5b. Job Queue and Control
In SLURM there are several usefull commands for checking your job:
Lifecycle of a Job
The life of a job begins when you submit the job to the scheduler. If accepted, it will enter the Queued state.
Thereafter, the job may move to other states, as defined below:
- Queued - the job has been accepted by the scheduler and is eligible for execution; waiting for resources.
- Held - the job is not eligible for execution because it was held by user request, administrative action, or job dependency.
- Running - the job is currently executing on the compute node(s).

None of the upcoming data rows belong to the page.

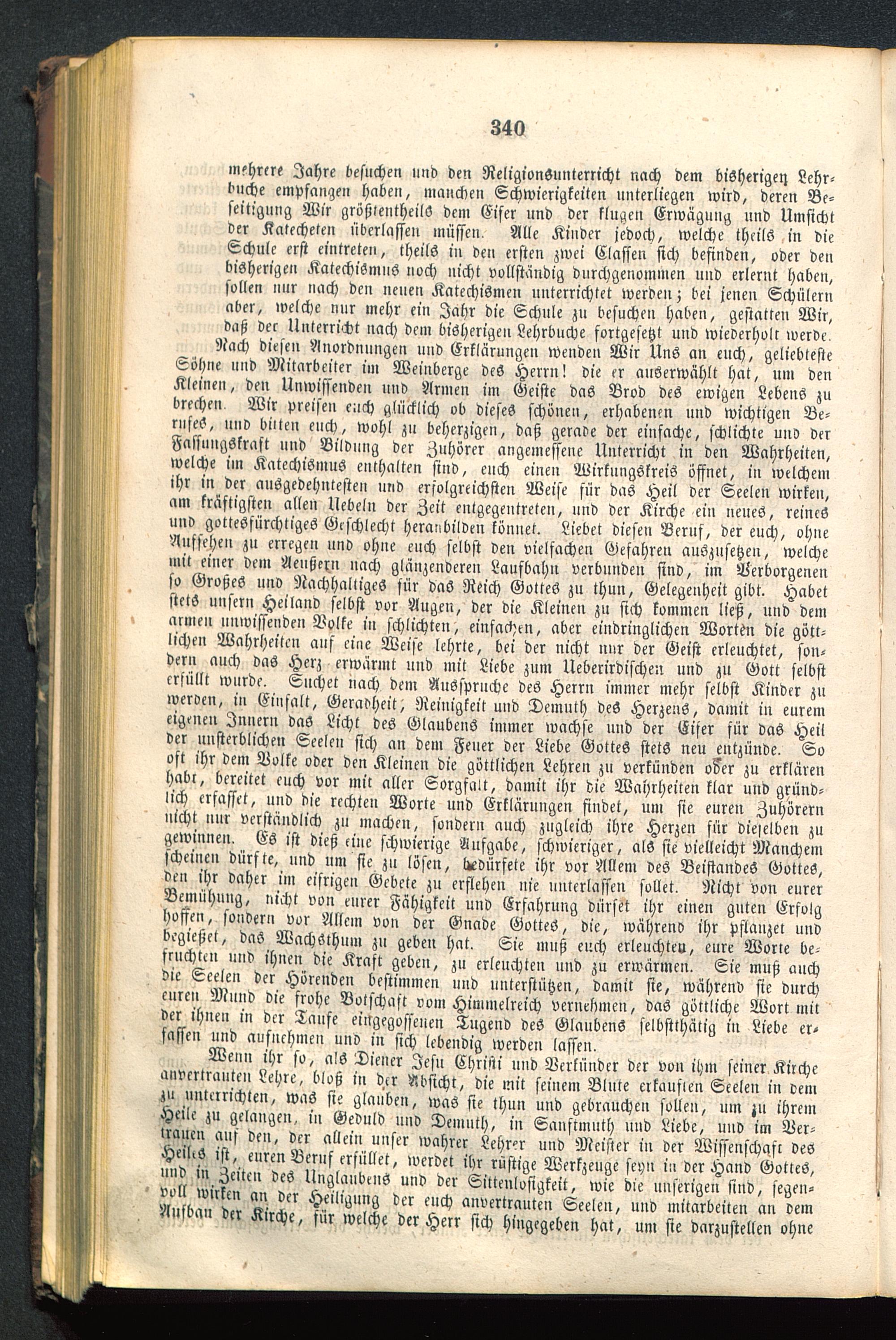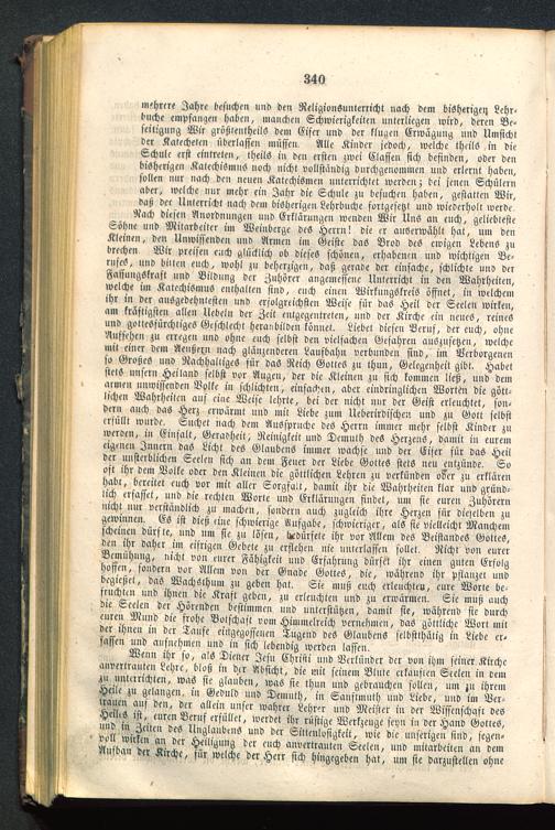 m-hrere Jahre besuchen und den ReligionSnnterricht nach dem bisherigen. Lehr-buche empfangen haben, manchen Schwierigkeiten unterliegen wird, deren Be-seitigung Wir größlentheilS dem Eiser und der klugen Erwägung und Umsichtder Katecheten überlassen müssen, Alle Kinder jedoch, welche theils in dieSchule erst eintreten, theils in den ersten zwei Classen sich befinden, oder denbisherigen Katechismus noch nicht vollständig durchgenommen und erlernt haben,sollen nur nach den nenen Katechismen unterrichtet werden; bei jenen Schillernaber, welche nur mehr ein Jahr die Schule zu besuchen haben, gestatten Wir,daß der Unterricht nach dem bisherigen Lehrbuche fortgesetzt und wiederholt werde.Nach diesen Anordnungen nnd Erklärungen wenden Wir Uns an euch, gelicbtesteSöhne und Mitarbeiter im Weinberge des Herrn! die er auöerwählt hat, um denKleinen, den Unwissenden nnd Armen im Geiste das Brod des ewigen Lebens zubreche» Wir preisen euch glücklich ob dieses schönen, erhabenen und wichtigen Be-rufes, und bitten euch, wohl zu beherzigen, daß gerade der einfache, schlichte uuv derFassungskraft und Bildung der Zuhörer angemessene Unterricht in den Wahrheiten,welche im Katechismus enthalten sind, euch einen Wirkungskreis öffnet, in welchemihr in der ausgedehntesten und erfolgreichsten Weise für das Heil der Seelen wirken,am kräftigsten allen Uebeln der Zeit entgegentreten, und der Kirche ein neues, reinesunv gotteSfürchtiges Geschlecht heranbilden könnet. Liebet diesen Berns, der euch, ohneAufsehen zu erregen und ohne euch selbst den vielfachen Gefahren auszusetzen, welchemit einer dem Aenßern nach glänzenderen Laufbahn verbunden sind, im Verborgenenso Großes unv Nachhalliges für daö Reich Gotteö zu thun, Gelegenheit gibt. Habetstets unsern Heiland selbst vor Augen, der die Kleinen zu sich kommen ließ, und demarmen unwissenden Volke i» schlichten, einfachen, aber eindringlichen Worten die gött-lichen Wahrheiten anf eine Weise lehrte, bei der nicht nur der Geist erleuchtet, son-dern anch das Herz erwärmt und mit Liebe zum Ueberirdischen und zu Gott selbsterfüllt wnrde. Suchet nach dem Ausspruche des Herrn immer mehr selbst Kinder zuwerden, in Einfalt, Geradheit, Reiuigkcit und Demuth deS Herzens, damit in euremeigenen Innern daö Licht des Glaubens immer wachse und der Eifer für das Heilder unsterblichen Seelen sich an dem Feuer der Liebe Gottes stets neu entzünde. Sooft ihr dem Volke oder den Kleinen die göttlichen Lehren zu verkünden o?er zu erklärenhabl, bereitet euch vor mit aller Sorgfall, damit ihr die Wahrheilen klar und gründ-lich erfasset, und die rechten Worte und Erklärungen findet, um sie euren Zuhörernnicht nur verständlich zu machen, sondern anch zugleich ihre Herzen für dieselben zugewinnen. Es ist dieß nnc schwierige Aufgabe, schwieriger, als sie vielleicht Manchemscheinen dürfte, und um sie zu lösen, lUdürfete ihr vor Allem des Beistandes Gottes,den ihr daher im eifrigen Gebete zu erflehen nie uulerlasseu sollet. Nicht von eurerBemühung, nicht von enrer Fähigkeit und Erfahrung dürfet ihr einen gnten Erfolghoffen, sondern vor Allem von der Gnade Gottes, die, während ihr Pflanzer undbegießet, daö Wachsthum zu geben hat. Sie muß euch erleuchte», eure Worie be-fruchten und ihnen die Kraft geben, zu erleuchten nnd zu erwärmen. Sie muß auchdie Seelen der Hörenden bestimmen und unterstützen, damit sie, während sie durcheuren Mund die frohe Botschaft vom Himmelreich verncluuen, das göttliche Wort mitder ihnen in der Taufe eiilgegossenen Tugend des Glaubens selbstthätig in Liebe er-sassen und aufnehmen und in sich lebendig werden lassen.
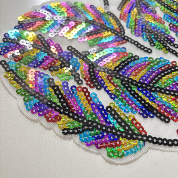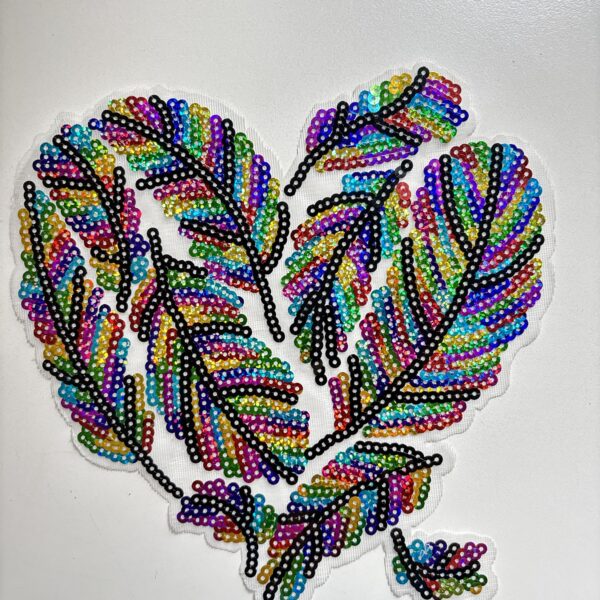 Plumas formando un corazón, lentejuelas de colores, se puede pegar con el calor de la plancha.
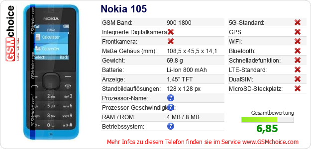 Hast du eigene Webseite? Willst du die Informationen über Standarddaten des Handys Nokia 105 irgendwo veröffentlichen? Das ist sehr einfach. Du kannst das Bild herunterladen oder kopieren und auf der Webseite folgenden Code hinzufügen:Das Einfügen von diesem Code verursacht das Anzeigen von dem folgenden Bild:
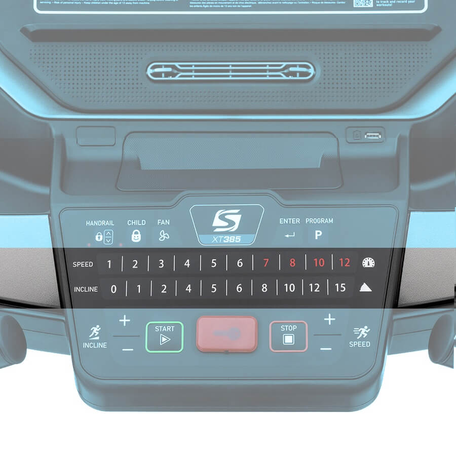 Съемный поворотный держатель для планшета позволяет установить телефон или планшет в поле зрения во время занятий фитнесом, не скрывая данные о тренировках на консоли. По завершении тренировки XT385 легко складывается при помощи встроенного механизма подъема. Транспортировочные ролики значительно упрощают перемещение и хранение беговой дорожки.
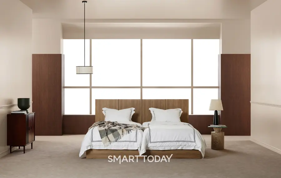 새로 출시된 ‘하우티’는 시몬스가 새롭게 제안하는 트윈슈퍼싱글(TSS) 사이즈 프레임이다. 슈퍼싱글(SS) 매트리스 두 개를 하나의 프레임에 올려놓을 수 있어 편의성 및 공간 활용도가 뛰어나다. 각자의 수면 취향에 맞춘 독립적인 수면 환경을 선호하는 요즘 부부들에게 안성맞춤이다. 또한 아트월 형태의 헤드보드와 내추럴오크 색상이 모던하고 고급스러운 호텔 침실 분위기를 자아낸다.
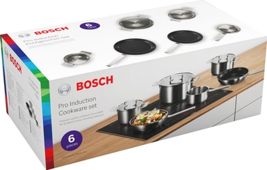 Bosch køkkengrejsæt HEZ9SE060, med 4 gryder i rustfrit stål med låg og 2 pander, vil blive en fast bestanddel i dit køkken. Sættet har dobbelt bund med non-stick belægning og er velegnet til el- og induktionskogeplader.Læs mere om produktet
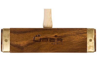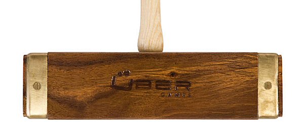 Championship Croquet Mallet from Uber with 38-inch Octagonal English Ash handle, 9.5” x 2 ¼” Rosewood Square Head, Natural finish, Leather grip, Approximate weight 3lbs.
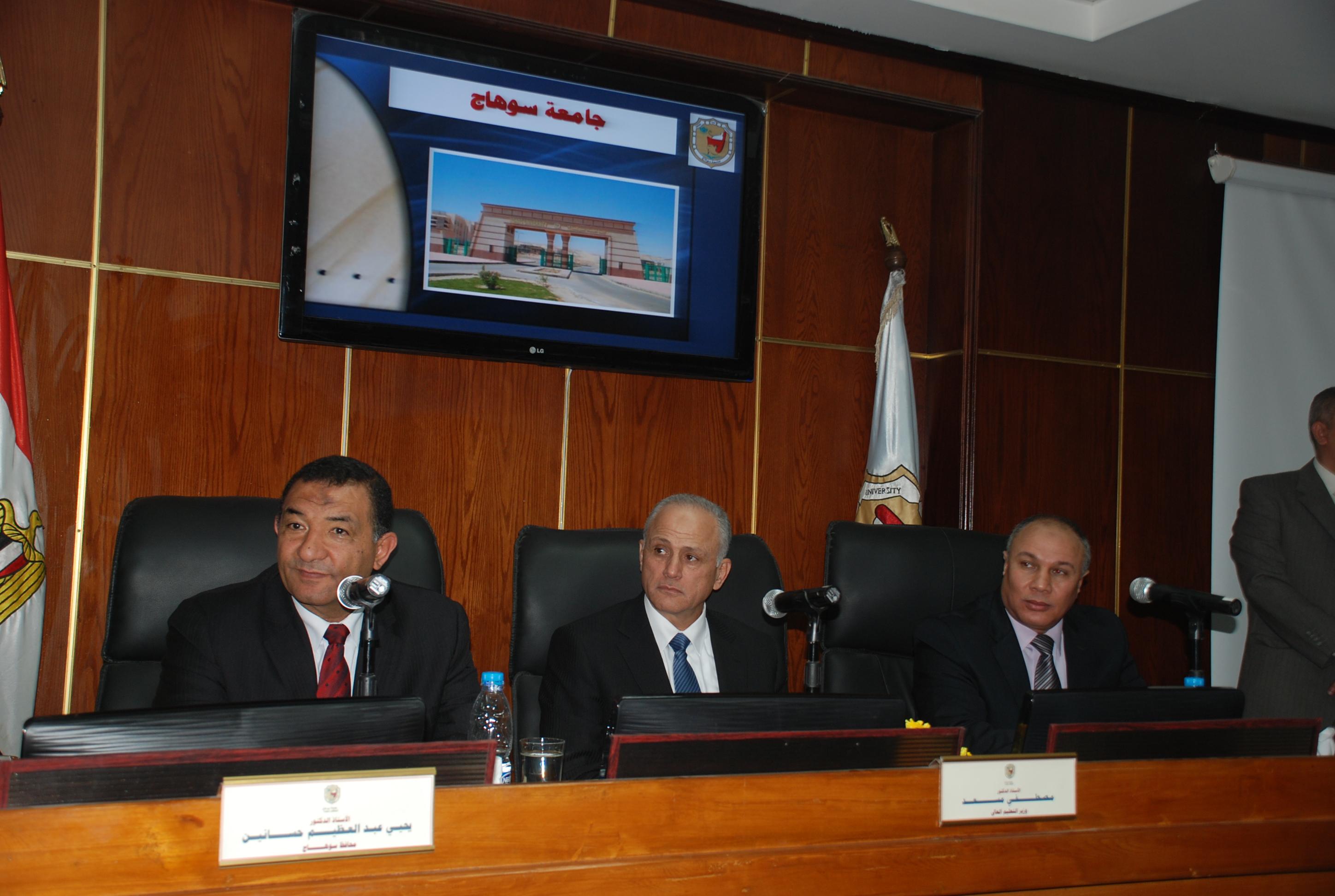 في أولى جولاته لجامعات الصعيد قام الدكتور مصطفى مسعد وزير التعليم العالي، بزيارة إلى مقر جامعة سوهاج الجديدة بمدينة سوهاج الجديدة بالكوامل، حيث كان في استقباله كل من : الدكتور يحيى عبد العظيم محافظ سوهاج ، والدكتور نبيل نور الدين رئيس الجامعة .بدأ الوزير زيارته بافتتاح المباني الجديدة لكل من : كلية التربية والهندسة بالمقر الجديد للجامعة بتكلفة ما يقرب من 105 مليون جنيهاً، ووحدة الغسيل الكلوي والمبتسرين بالمستشفى الجامعي بسوهاج.وأشار وزير التعليم العالي، إلي أن جامعة سوهاج الجديدة تدعو إلى الإعزاز والفخر لأبناء سوهاج، وأوضح أن هذه الزيارة لم تكن بهدف افتتاح المنشآت الجديدة فقط ، ولكن هدفها الرئيس هو التواصل مع جامعات الصعيد وتعميق الصلة ، كما أكد علي أن الجامعة هي قاطرة التنمية والمنقذ الوحيد للخروج بالوطن من مشاكله، حيث أن الشعب المصري أصبح على وعي تام بأهمية العلم والتعليم في خدمة المجتمع .
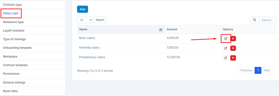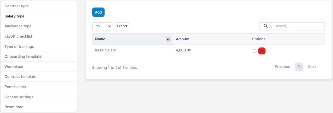 The data set in Salary Type will be used for the Contract Menu in the HR Profile module.
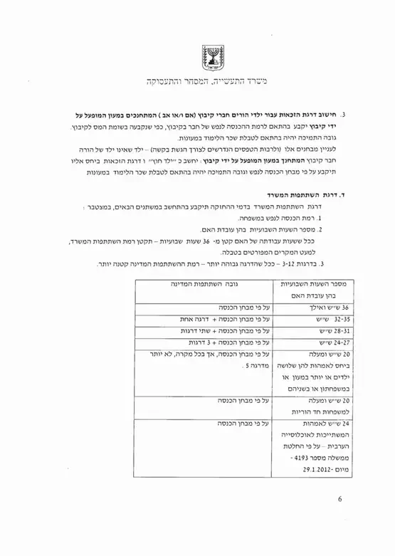 יש לציין כי כל דרגה שמתווספת לאם משמעותה - הפחתה בסבסוד על ידי משרד התמ"ת.

- Finished - the job finished executing or was canceled/deleted. The diagram below demonstrates these relationships in graphical form.
Useful Commands
Here are some basic SLURM commands for submitting, querying and deleting jobs in SuperPOD:
Command | Actions |
---|---|
srun -N1 -G1 --pty $SHELL |
Submit an interactive job (reserves 1 Node, 1GPU, 1CPU, 6gb RAM, 1 hour walltime) |
sbatch job.sh |
submit the job script job.sh |
sstat <job id> |
Check the status of the job given jobID |
sstat <job id> --format=AveCPU,AvePages,AveRSS,AveVMSize,JobID |
Narrow some information on sstat |
squeue -u <username> |
Check the status of all jobs submitted by given username |
scontrol show job <job id> |
Check the detailed information for job with given job ID |
scancel <job id> |
Delete the queued or running job given job ID |
Check pending, working job:
$ squeue -u $USERNAME
JOBID PARTITION NAME USER ST TIME NODES NODELIST(REASON
12345 workshop bash tuev R 39:46 1 bcm-dgxa100-0002
The above Job has a JOBID=12345, which will be used below:
Check configuration of any requested job using JOBID:
$ scontrol show job 12345 grep ReqTRES
ReqTRES=cpu=5,mem=30G,node=1,billing=5,gres/gpu=1
Delete any job
$ scancel 12345
Checking how your job is running in node
When you know your working node, for example bcm-dgxa100-0001, from login node, you can login to the compute node and check the processing:
- Command to check working cpus:
$ ssh bcm-dgxa100-0001
$ top -u $USERNAME
- Command to check working gpus:
$ ssh bcm-dgxa100-0001
$ nvidia-smi
OR to refresh the command every 0.2s
$ watch -n .2 nvidia-smi
Key Points
Job queue, control